PIASECZNO Po wprowadzeniu buspasa na Puławskiej, gmina wystąpiła do ZTM-u o dodatkowe autobusy. Trwają też przymiarki do utworzenia linii wahadłowej między Józefosławiem, a PKP Jeziorki. Miałaby ona zacząć funkcjonować w przyszłym roku
Po wprowadzeniu buspasa na Puławskiej gmina Piaseczno poprosiła ZTM o zwiększenie częstotliwości autobusu 709. Kolejny postulat dotyczył puszczenia autobusów przegubowych na linii 739, mimo że od września ZTM wprowadził na tej linii (obsługuje Józefosław i Julianów) kilka dodatkowych kursów. Na razie jednak przegubowców nie będzie, bo nie ma takich możliwości technicznych. Co do zwiększenia częstotliwości kursowania 709, cały czas trwają analizy.
– Żadne decyzje w tej sprawie jeszcze nie zapadły, choć jesteśmy w stałym kontakcie z ZTM-em – informuje Daniel Putkiewicz, burmistrz Piaseczna.
Niedawno pojawił się kolejny pomysł na usprawnienie transportu zbiorowego, który ma ucieszyć mieszkańców Józefosławia i Julianowa. Dotyczy on utworzenia tzw. linii wahadłowej, łączącej te dwie miejscowości z PKP Jeziorki, gdzie mieszkańcy będą mogli przesiąść się w pociągi Kolei Mazowieckich, a wkrótce także w SKM. Nowy autobus jeździłby ulicami Geodetów, Julianowską, Kameralną, Cyraneczki, Ogrodową, znów Geodetów, Puławską i Karczunkowską do stacji PKP.

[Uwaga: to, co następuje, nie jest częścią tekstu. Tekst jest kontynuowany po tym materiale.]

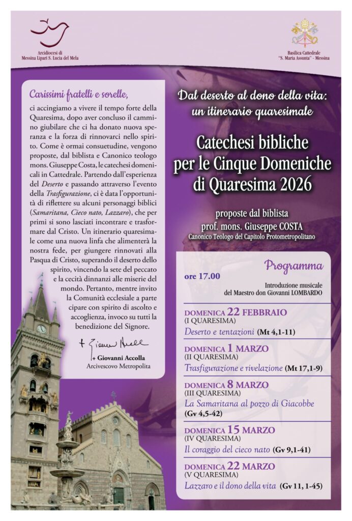 La Quaresima – tempo forte di ascolto della Parola, di preghiera e di conversione – è accompagnato da anni nella nostra Chiesa diocesana dalle catechesi quaresimali tenute nella Basilica Cattedrale dal biblista e canonico teologo del Capitolo Protometropolitano, prof. Mons. Giuseppe Costa.
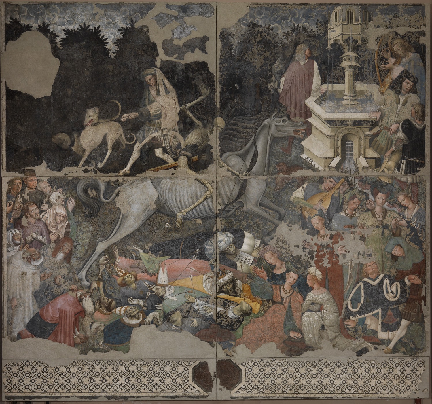 Il Trionfo della Morte rappresenta l’Europa delle corti e delle èlite ma rappresenta anche la società borghese e popolare, organizzata in categorie rigide. Il tempo del Trionfo della Morte è quello degli anni appena precedenti la metà del Quattrocento, epoca in cui la Sicilia era al centro delle rotte mediterranee con capitale la Napoli di Alfonso d’Aragona alla cui volontà risale la fondazione dell’istituto ospedaliero a Palermo, originaria sede del grande affresco. Questo incontro di culture circoscrive ulteriormente il campo alla pittura fra Napoli e la Sicilia al tempo di Alfonso d’Aragona, cultore delle arti.
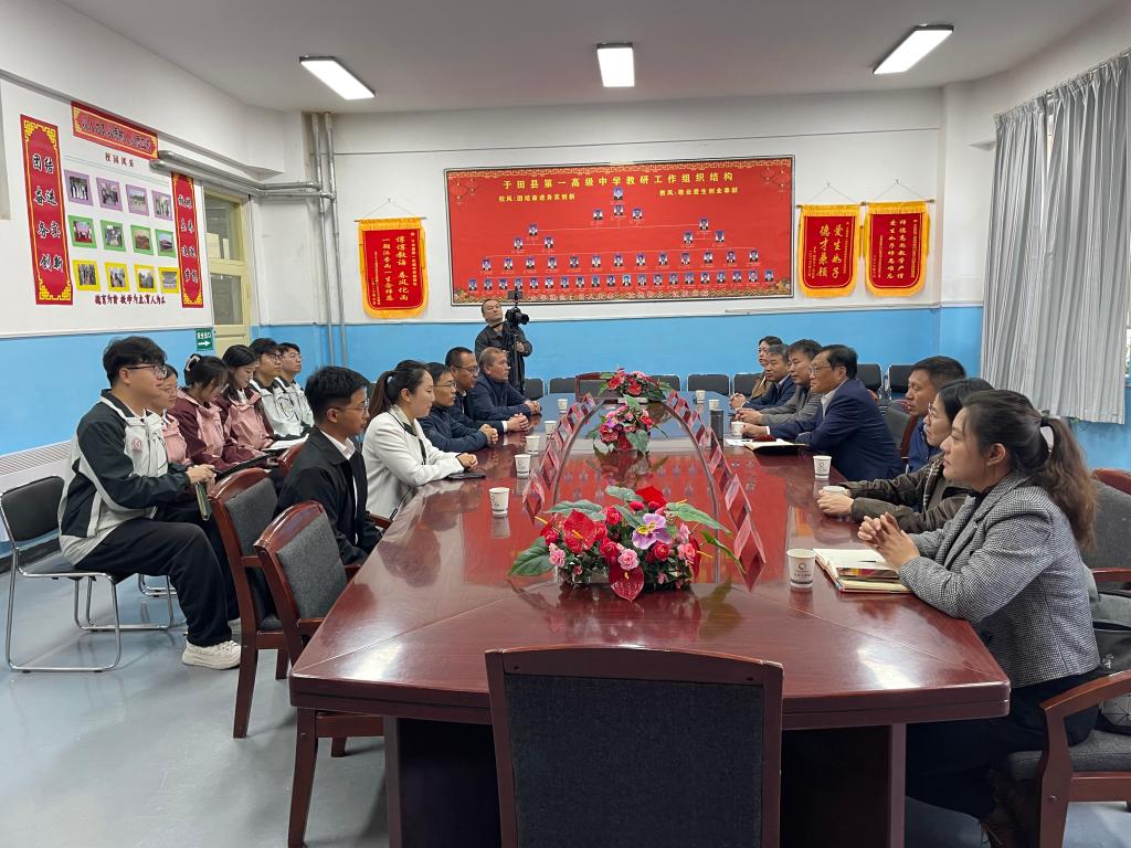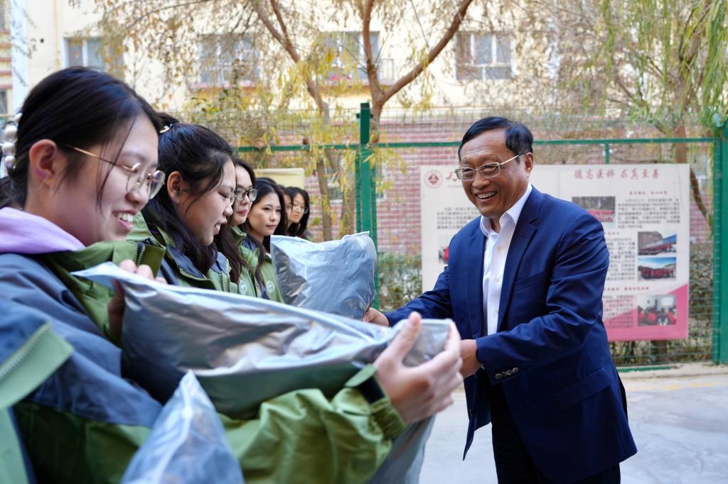 11月5日上午,刘东志一行来到新疆和田地区于田县第一高级中学走访调研,深入研究生支教团志愿者办公室、宿舍等地了解工作和生活情况,发放暖冬慰问品,并参观KY.COM民族团结教育协同育人基地、爱心书屋、明理广播站,观看师生共同演绎的合唱作品《同心结》和原创“天津援疆”快板作品《援疆颂》。
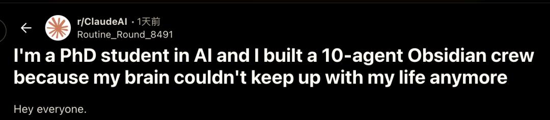 这位 AI 方向的博士生最近在 Reddit 发帖,标题直接点题:《我是 AI 博士生,我因为大脑跟不上自己的生活,搭了一套 10 个 Agent 的系统》。

– Prace nad nową linią trwają, trudno mi powiedzieć ile to wszystko potrwa – mówi Daniel Putkiewicz. – Czekamy na decyzję co do trasy i kosztów nowego autobusu. Bardzo pracochłonna jest także organizacja przejazdów. Nie chcemy, aby ten autobus zaczął jeździć kosztem innych linii. Sytuacja jest w tej chwili trudna. Brakuje kierowców i sprzętu. Przypominam, że cały czas walczymy o przywrócenie dawnej częstotliwości „elek”, w tym autobusu L39. Jest to naszym absolutnym priorytetem – podkreśla burmistrz.